The sensory innervation has been shown to both convey pain (light-induced pain called photophobia) and thermal information centrally and act locally to vasodilate and increase choroidal blood flow by releasing neuropeptides both proinflammatory substance P (SP) and calcitonin gen-related peptide (CGRP) and anti-inflammatory somatostatin [169]. Neuropeptides and their receptors are expressed widely in mammalian retinas, where they exert neuromodulator functions; and in multiple models of retinal diseases, different peptidergic substances play neuroprotective actions [170]. Neuropeptides, in addition to regulation of blood-flow and their neuroprotective role, contribute to innate immune functions. Substance P mediates interactions between neurons and immune cells, modulating immune cell proliferation rates and cytokine production [171]. Substance P is able to activate several immune cells, such as macrophages, CD4+ and CD8+ T lymphocytes, NK cells, and mast cells [172]. Furthermore, sensory neurons directly promote angiogenesis via SP signaling in response to inflammation [173]. Human monocytes and macrophages express SP and its receptor, supporting the notion that SP is biologically involved in regulating the functions of these cells in an autocrine fashion [174]. Several novel concepts have emerged recently, suggesting that the modulation of the neuropeptide system may provide an entirely new set of pharmacological approaches. Endothelial transient receptor potential (TRP) channels represent potential therapeutic targets in multiple disorders featured by abnormal vascularization, including ischemic disorders, neurodegeneration, and retinal degeneration [175].

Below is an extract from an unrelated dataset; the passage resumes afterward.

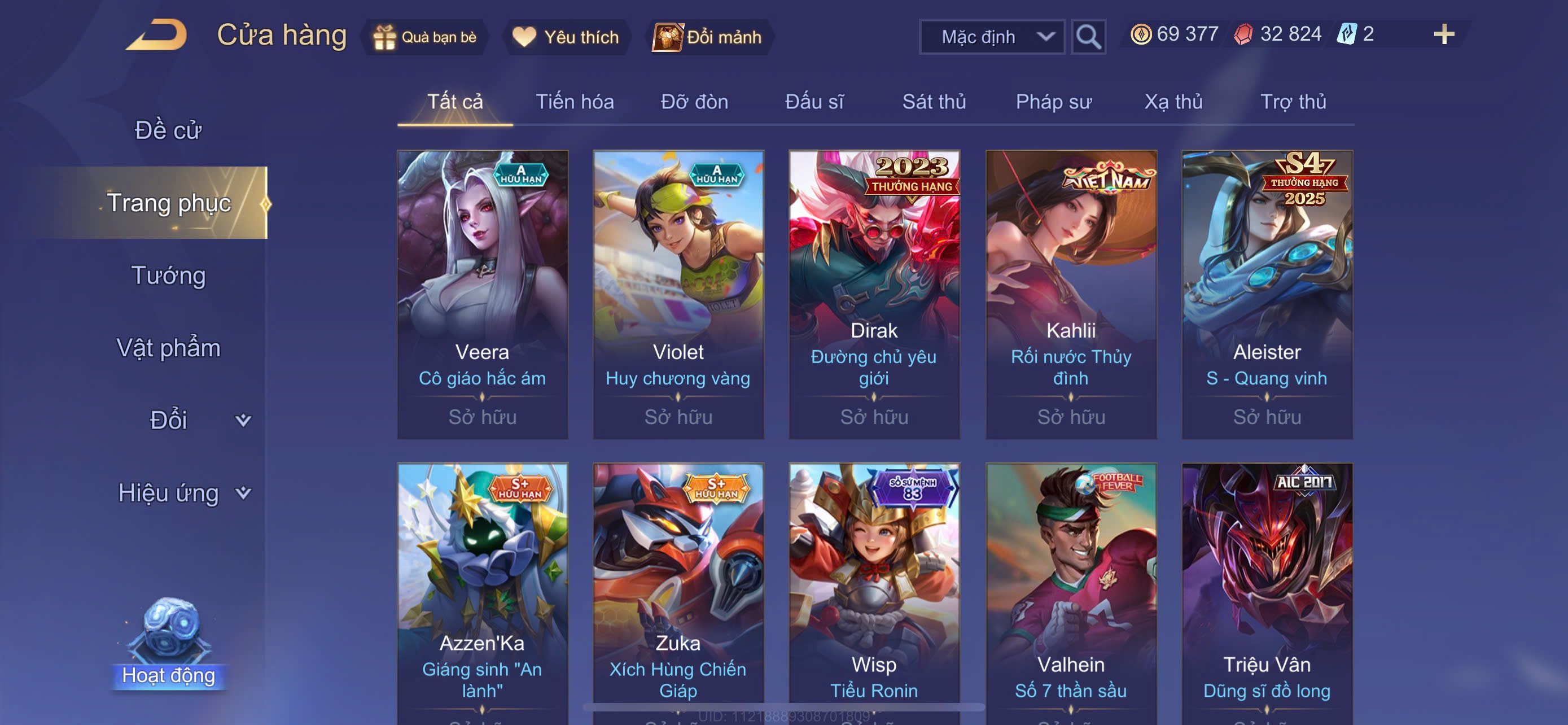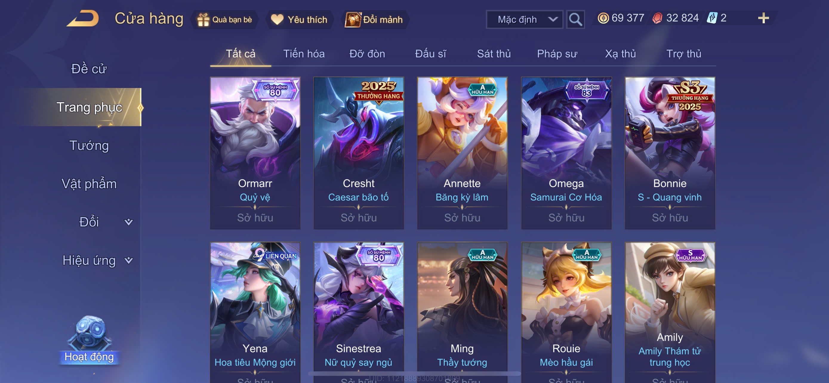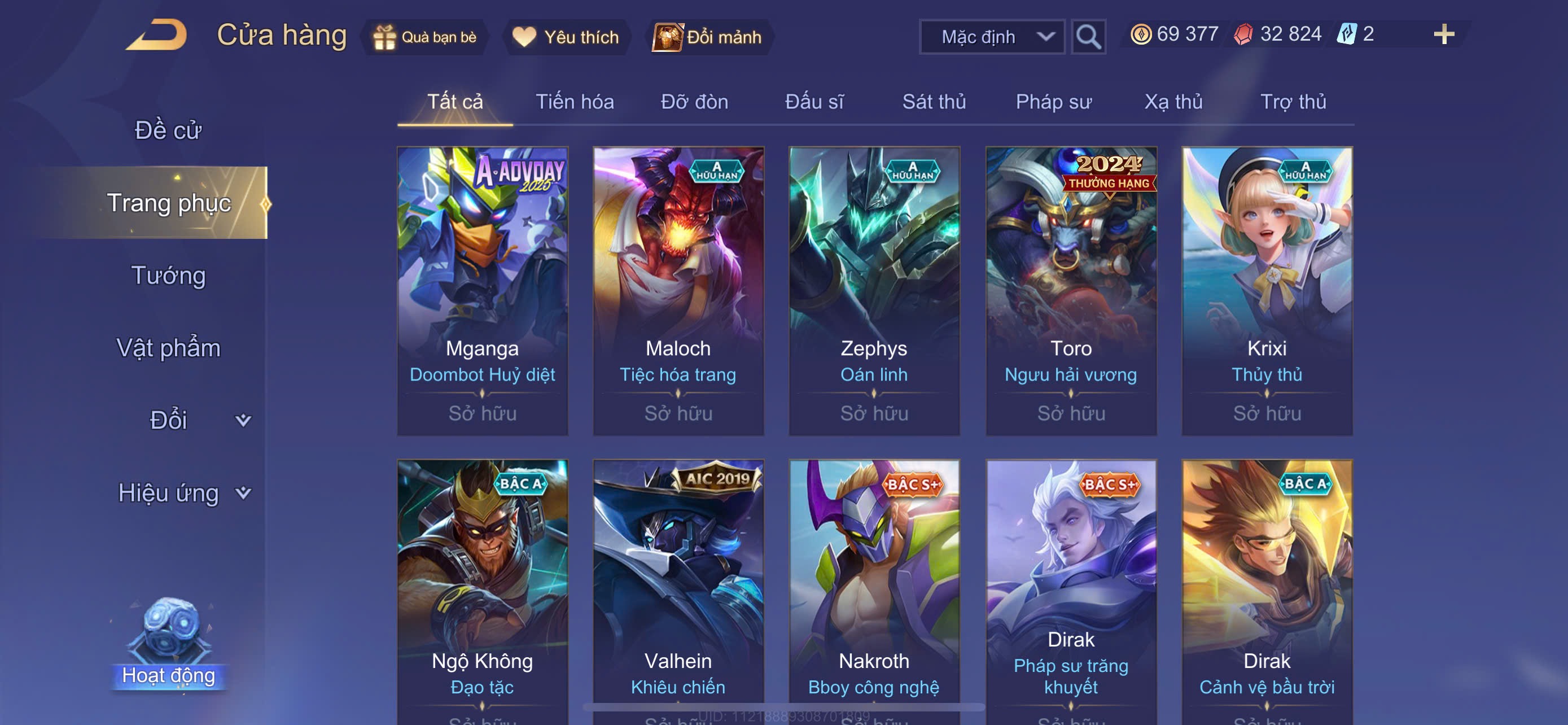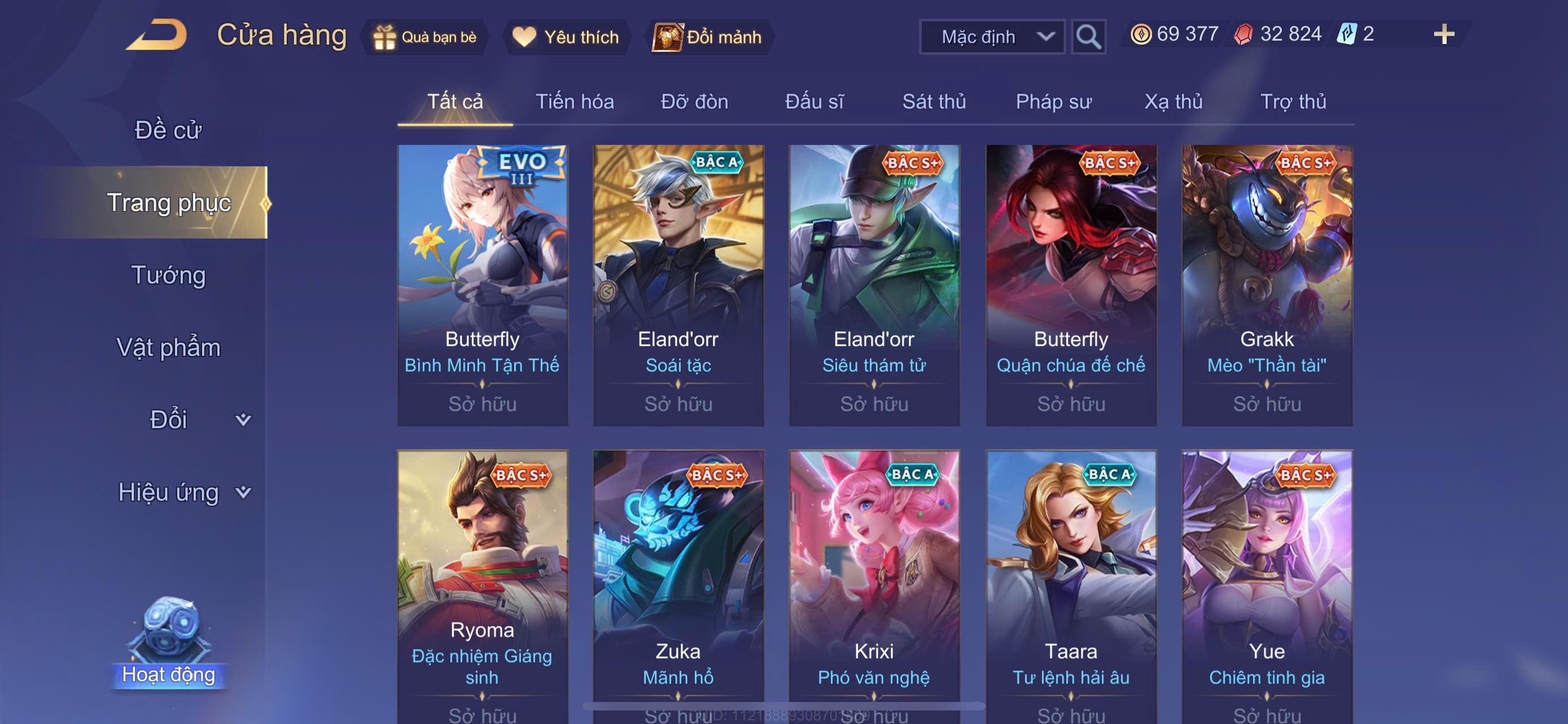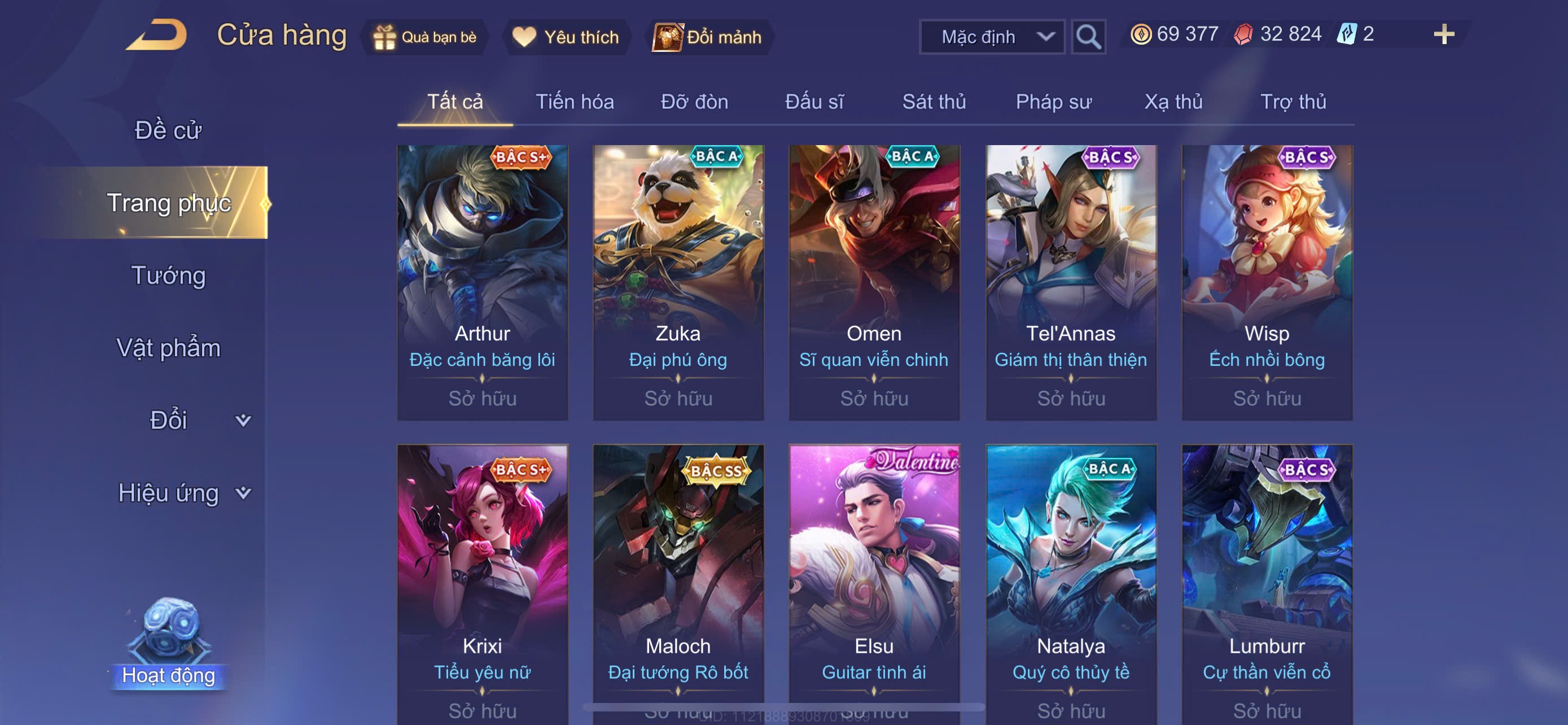 Nổi bật: Flo SS - Hayate Tử Thần - Mu chí tôn . Và nhiều skin khác . có top miền murad

We observed previously unknown periendothelial cells in the choriocapillary layer next to the Bruch’s membrane in early AMD. Their electron microscopic features were starkly different from any other cells (macrophages and pericytes), and we suggest the term “proposed ganglion cell” (Fig. 10). Moreover, an intimate spatial relationship was found between their cytoplasmic processes and the choriocapillaris, suggesting that they may have intrinsic regulation of choriocapillary blood flow [176]. Further studies using neuro-specific markers are needed to identify these cells and to reveal their physiologic and pathophysiologic role in early AMD.

Fig. 10.

Fig. 10

Ganglion cells (possible) in early AMD. Two round-shape cells located in the widened outer collagenous layer of the Bruch’s membrane (pGc). They have round nucleus, narrow cytoplasm which contain some mitochondria, endoplasmic reticula, and lysosomes. Thin basement membrane surrounds both cell bodies. Mitochondria with loss of cristae and matrix-density in the RPE (black arrow), basal linear deposits (white arrow), and BLD can also be seen. ela: elastic layer, cap: capillaries. Seventy-six years; female; ×19,000; bar: 1 μm

Microbiota mitochondria intertwined relationship

Microbial metabolites

In recent decades, significant attention has been focused on microbiota and on the influence of these several trillions of microorganisms on health and disease development. While symbiosis seems to be essential for health, dysbiosis (disorders of symbiosis) has been found to play a central role in different pathologies. Several studies on the mechanism of symbiosis and dysbiosis identified a series of microbial metabolites and compounds (fragments) that are responsible for both local and systemic effects on the metabolism, blood circulations, immune, and nerve systems. [177179]. Furthermore, these studies also suggested that microbiota may be the common target of most epigenetic influences—including diet, stress, and physical activity [180, 181].

Recently, an International Scientific Consensus Panel proposed a common term “postbiotic” for microbial metabolites and compounds, unifying previously used terms (“killed probiotic,” “paraprobiotic,” “ghost probiotic,” “probiotic lysate,” “Tyndallized probiotics,” etc.), and defined postbiotic to be a “preparation of inanimate microorganisms and/or their components that confers a health benefit on the host”. Five mechanisms of postbiotic action have been postulated: (i) modulation of the resident microbiota; (ii) enhancement of epithelial barrier functions; (iii) modulation of local and systemic immune responses; (iv) modulation of systemic metabolic responses; (v) systemic signaling via the nervous system [182]. The Panel also recapitulated that dietary uptake of postbiotics may have similar or even better biological benefits as compared to their live counterparts. Furthermore, the delivery and safety of postbiotics are higher as compared to probiotics.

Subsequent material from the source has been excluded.